▶ **YOUR TASK**
Each line in the records below, from the one that contains "Il giocattolo insegna" to the one that contains "Oh man, Fliesenlegen", should be reproduced exactly, the first and last included.

▶ **EXTRACTED INFORMATION**

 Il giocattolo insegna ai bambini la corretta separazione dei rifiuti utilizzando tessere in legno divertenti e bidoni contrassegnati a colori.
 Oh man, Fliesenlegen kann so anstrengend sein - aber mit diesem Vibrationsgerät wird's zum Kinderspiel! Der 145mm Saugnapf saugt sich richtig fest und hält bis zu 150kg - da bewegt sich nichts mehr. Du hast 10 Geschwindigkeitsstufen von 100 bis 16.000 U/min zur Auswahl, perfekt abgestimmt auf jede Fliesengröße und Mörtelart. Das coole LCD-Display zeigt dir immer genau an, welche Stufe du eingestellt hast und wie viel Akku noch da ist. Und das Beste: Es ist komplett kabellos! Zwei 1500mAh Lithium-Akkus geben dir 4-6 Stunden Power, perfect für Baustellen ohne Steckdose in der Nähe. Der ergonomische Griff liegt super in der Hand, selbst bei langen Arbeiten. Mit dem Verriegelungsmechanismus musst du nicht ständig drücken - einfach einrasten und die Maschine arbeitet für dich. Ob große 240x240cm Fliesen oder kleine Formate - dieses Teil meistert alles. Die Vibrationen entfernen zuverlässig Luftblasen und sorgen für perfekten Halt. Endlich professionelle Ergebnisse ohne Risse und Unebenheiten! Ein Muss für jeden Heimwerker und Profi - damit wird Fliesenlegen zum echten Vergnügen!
...
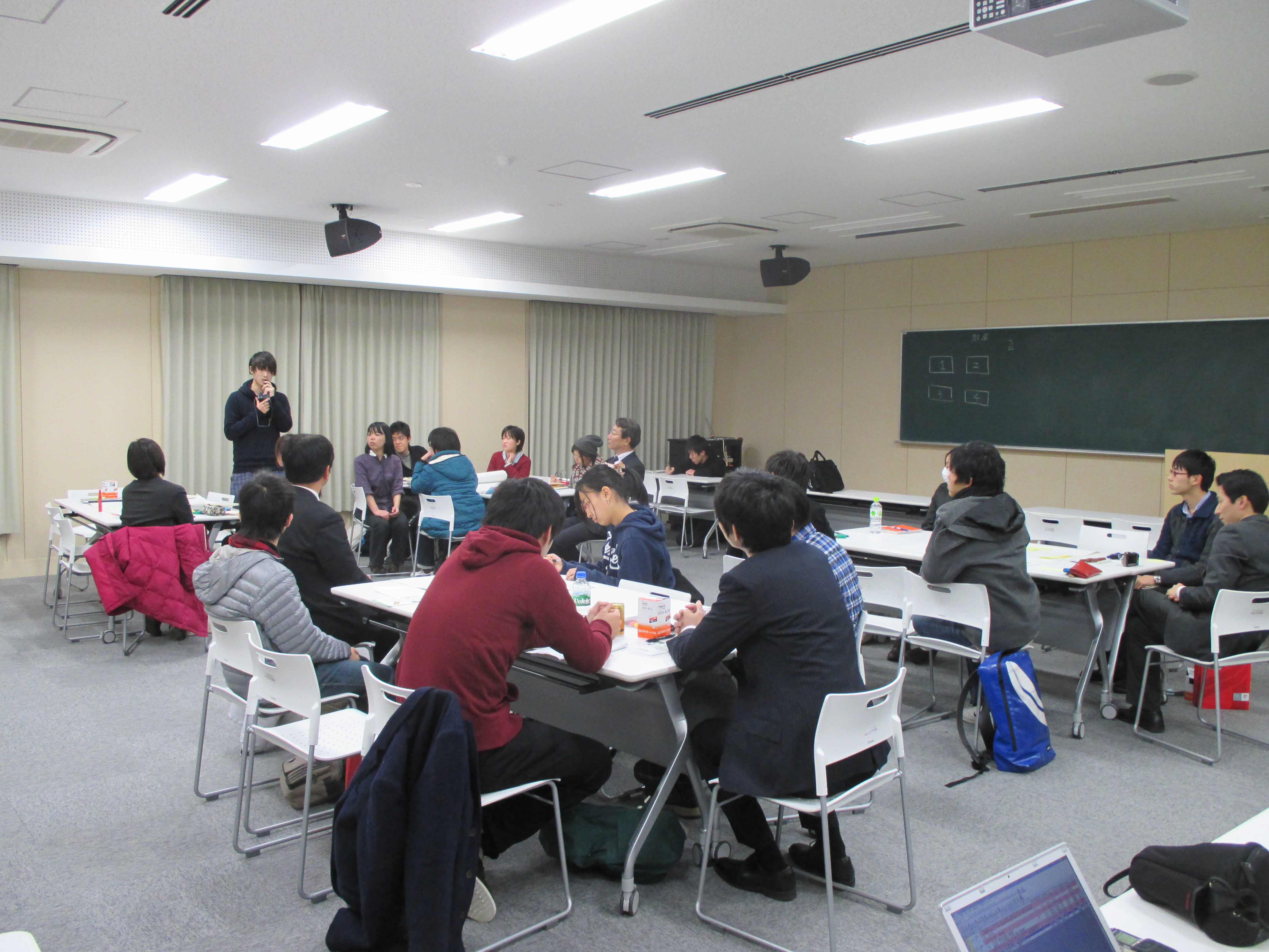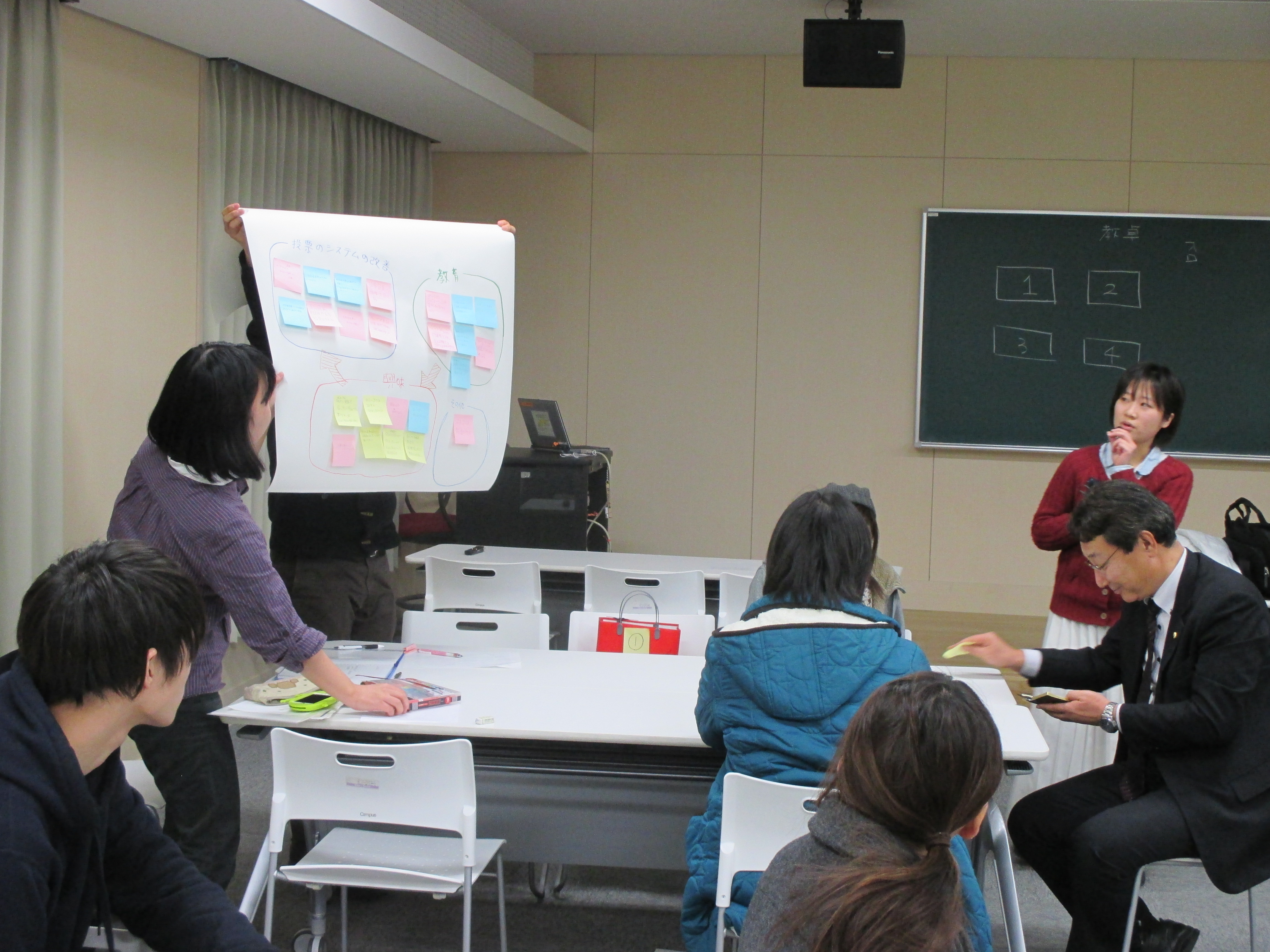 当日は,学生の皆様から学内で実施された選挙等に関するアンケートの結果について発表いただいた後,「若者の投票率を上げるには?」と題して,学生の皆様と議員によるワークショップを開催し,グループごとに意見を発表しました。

▶ **FINISHED EXERCISE**
 Il giocattolo insegna ai bambini la corretta separazione dei rifiuti utilizzando tessere in legno divertenti e bidoni contrassegnati a colori.
 Oh man, Fliesenlegen kann so anstrengend sein - aber mit diesem Vibrationsgerät wird's zum Kinderspiel! Der 145mm Saugnapf saugt sich richtig fest und hält bis zu 150kg - da bewegt sich nichts mehr. Du hast 10 Geschwindigkeitsstufen von 100 bis 16.000 U/min zur Auswahl, perfekt abgestimmt auf jede Fliesengröße und Mörtelart. Das coole LCD-Display zeigt dir immer genau an, welche Stufe du eingestellt hast und wie viel Akku noch da ist. Und das Beste: Es ist komplett kabellos! Zwei 1500mAh Lithium-Akkus geben dir 4-6 Stunden Power, perfect für Baustellen ohne Steckdose in der Nähe. Der ergonomische Griff liegt super in der Hand, selbst bei langen Arbeiten. Mit dem Verriegelungsmechanismus musst du nicht ständig drücken - einfach einrasten und die Maschine arbeitet für dich. Ob große 240x240cm Fliesen oder kleine Formate - dieses Teil meistert alles. Die Vibrationen entfernen zuverlässig Luftblasen und sorgen für perfekten Halt. Endlich professionelle Ergebnisse ohne Risse und Unebenheiten! Ein Muss für jeden Heimwerker und Profi - damit wird Fliesenlegen zum echten Vergnügen!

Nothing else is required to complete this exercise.